Морти не соврал: лететь пришлось недолго. Вскоре мальчики увидели большой город, а в самом центре города – большой храм; его главный золотой купол ярко сиял на солнце и был заметен издали. Подлетев ближе, Морти шугнул с самого высокого из крестов нерасторопную галку, а затем вполголоса прочел Трисвятое. Шинго молчал, а произносил ли он мысленно какие-либо слова, это было известно лишь ему самому да Богу. Ребята проскользнули прямо в алтарь; там царила тишина, которую не нарушало ни пение с хоров, ни звук проповеди с амвона: видимо, служба уже закончилась. Даже седой мужчина в длинной черной одежде молился перед иконой Спасителя, не размыкая губ; он стоял на коленях спиною к Морти и Шинго, и, кроме него и мальчиков, никого больше в алтаре не было.

– Это настоятель храма, где мы сейчас находимся, – негромко произнес Морти. – Он уже исповедался и причастился, и сегодня ему надлежит отойти к Господу. Он всегда хотел, чтобы это произошло именно так – без маеты, в святом месте и на молитве. Но для этого его душа должна пройти через наши руки! И нам нужно хорошо потрудиться, чтобы его кончина была мирной: нам наверняка попытаются помешать бесы. Они обыкновенно до самой смерти преследуют человека, который посвятил себя Богу и бросил им вызов, и если прежде им не удавалось ему навредить, они пожелают отыграться хотя бы теперь, напоследок. Я сделаю самое сложное – извлеку душу, а ты останешься здесь и поддержишь меня песней. Только не останавливайся и не халтурь! Рассчитываю на тебя!..

Шинго чуть заметно кивнул; его песня зазвучала почти сразу; тихая и торжественная, она плавно лилась в густом от ладана воздухе и проникала в самые укромные уголки алтаря – бесам на страх, слугам Господа на радость. Лицо настоятеля, прежде серьезное, смягчилось, как если бы он принимал у маленького ребенка его первую исповедь.
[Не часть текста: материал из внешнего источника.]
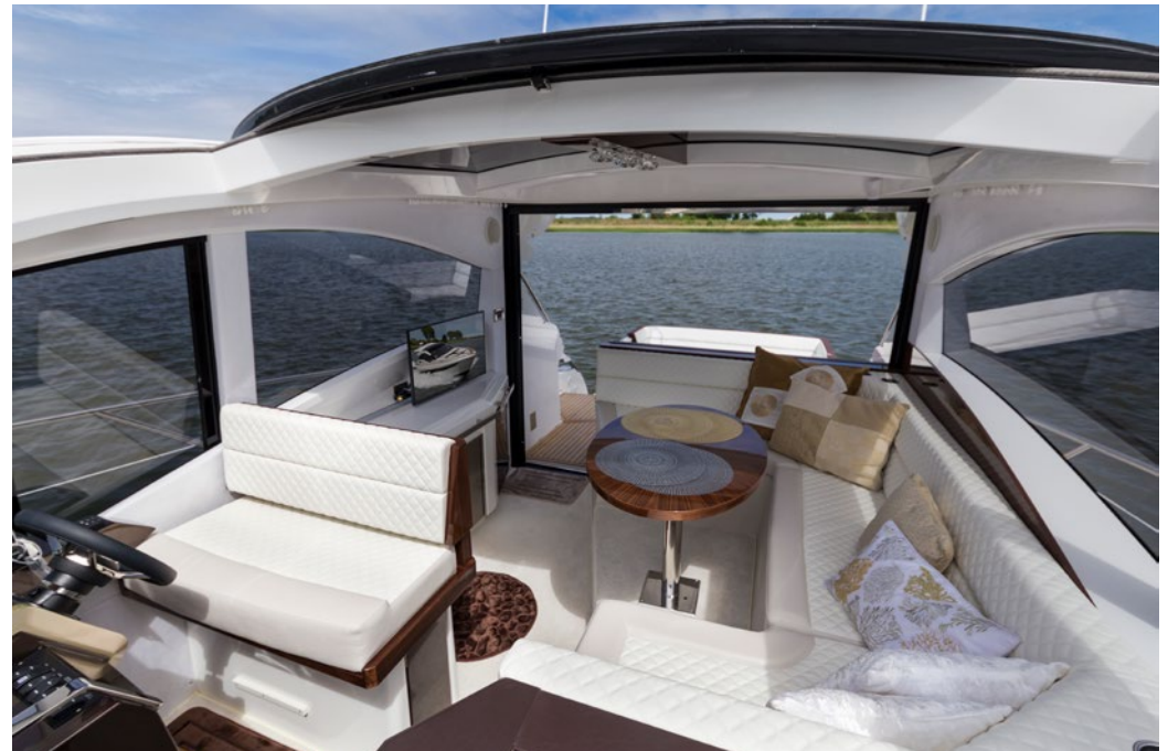
— Open the glass door and drop the window for an open cockpit experience

Дрема смежила веки старца, и он склонился перед образом, коснувшись лбом тяжелого резного оклада; так засыпает человек после долгой дороги, твердо зная, что она пройдена до самого конца и что он пришел именно туда, куда требовалось, и в нужное время.
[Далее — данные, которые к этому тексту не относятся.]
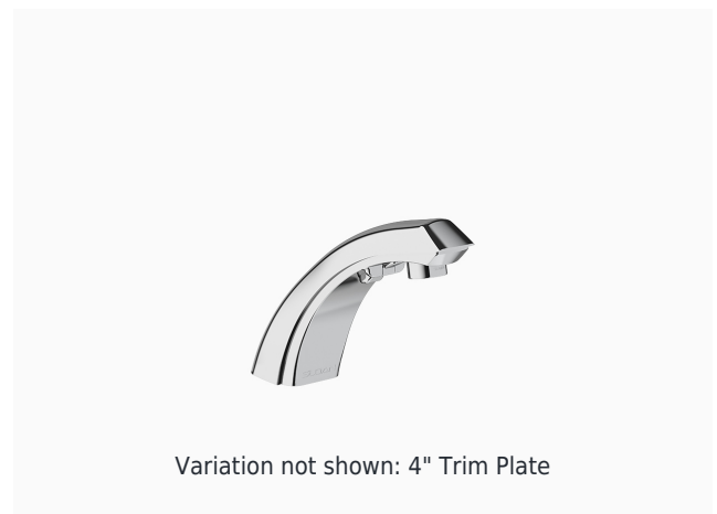
Variation not shown: 4" Trim Plate

«Хорошо», – подумал Морти.

Краешком глаза Шинго видел, как Морти подошел к настоятелю с печатью в руке и после растворился в зеленоватом свечении. Краешком – потому что он не смотрел на товарища: взор его оказался прикован к иконе, которая находилась прямо под потолком, напротив двери, так, что любой человек, входя в алтарь, видел в первую очередь ее, а затем уже и все остальное. Это была намоленная икона старого письма, и только по большим праздникам ее выносили к верующим. Она изображала момент окончательного небесного торжества, когда крылатые отроки на всех наречиях Земли возносят хвалу Всевышнему, и их осеняет своей широкой кроной Древо Жизни. Глядя на них, Шинго с новой силой ощутил горечь своей утраты; ему вдруг померещилось, что тот из отроков, который стоит ближе всего к престолу и более всего возлюблен Господом, – это Куломи. Наваждение походило на галлюцинацию; Шинго чудилось, что Куломи вот-вот обернется к нему и скажет что-нибудь в утешение или просто улыбнется: улыбки было бы достаточно.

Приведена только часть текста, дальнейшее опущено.